President’s playing games

Published 12:15 am Saturday, July 13, 2013

By MARSHALL YATES

Inside the Oval Office, President Obama is playing political games with the rule of law in America. While the Supreme Court has declared itself the final arbiter of the Constitution, the Constitution itself requires each branch of our federal government to act in accordance with our nation’s highest document. However, President Obama has tried to have his constitutional cake and eat it, too.

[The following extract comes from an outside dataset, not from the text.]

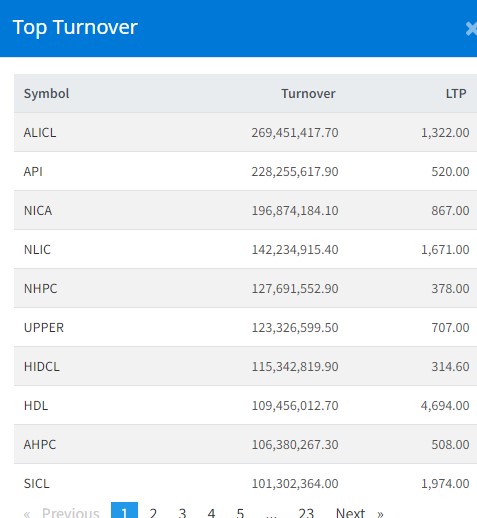 आज ५ अर्ब ३९ करोड ५६ लाख ७२ हजार रुपैयाँको शेयर कारोबार हुँदा सबैभन्दा धेरै एशियन लाइफ इन्स्योरेन्स कम्पनीको शेयर कारोबार भएको छ । कम्पनीको २६ करोड ९४ लाख रुपैयाँको शेयर कारोबार भएको छ । कम्पनीको शेयर मुल्य १३ सय २२ रुपैयाँ रहेको छ ।

The true colors of the Obama administration can be seen through a detailed look at the history of the Supreme Court’s June ruling in United States v. Windsor. This case demonstrates the constitutional conundrum created by the policies of the Obama Administration. Here, the Supreme Court ruled in favor of Windsor by striking the Defense of Marriage Act’s (DOMA) section 3, which defined marriage as being between a man and a woman, and requiring the refund of estate tax to Windsor.

Prior to litigation, the Department of Justice clarified that they did not view DOMA as constitutional and therefore, the Solicitor General would not be defending the law in court. To many, the president seemed to be defending the Constitution against what his administration believed to be an unconstitutional law. But in a curious twist, the Obama administration said that it would continue to enforce the law although declining to defend it.

The president took matters even further to ensure the case continued to the Supreme Court by refusing to follow the judgment of the lower courts requiring the IRS to grant Windsor her estate tax refund. By enforcing a law he believed to be unconstitutional, President Obama ensured sufficient standing for the Court to hear the case.

In the majority opinion, Justice Kennedy scolded President Obama for his”… failure to defend the constitutionality of an Act of Congress based on a constitutional theory not yet established.” The Court reprimanded the president for engaging in constitutional interpretation outside of the judicial branch. But the president’s actions were far more nuanced than the Court’s assessment.

Oddly, the circumstances of the Windsor case resemble the facts in the Supreme Court’s recent decision relating to California’s Proposition 8. There the Court held that the Ninth Circuit should not have heard the case because the case was not “…presented in an adversary context.” Clearly, the parties in the Windsor case were also not in an adversarial position because Obama and his Department of Justice actually agreed with the lower court’s decision.

President Obama’s political gamesmanship may have secured a win for his base, but it creates a terrible precedent for constitutional protection. The President’s sworn oath to “protect and defend the Constitution” is not an optional duty based on circumstances and political agendas. When the President truly believes that a law is unconstitutional, he has a constitutional obligation to decline its enforcement as well as its defense.

America’s Constitution proscribes specific requirements for the enactment and repeal of laws. The president’s tactical maneuvers are no substitution for those provisions. Picking and choosing which laws to enforce and defend in a manner that leaves various laws active and undefended before the courts creates an opportunity ripe for judicial activism, an ominous precedent for Presidential power, and leaves the representatives of the people in Congress with little recourse.

 

Marshall Yates is a law clerk for the Alabama Policy Institute.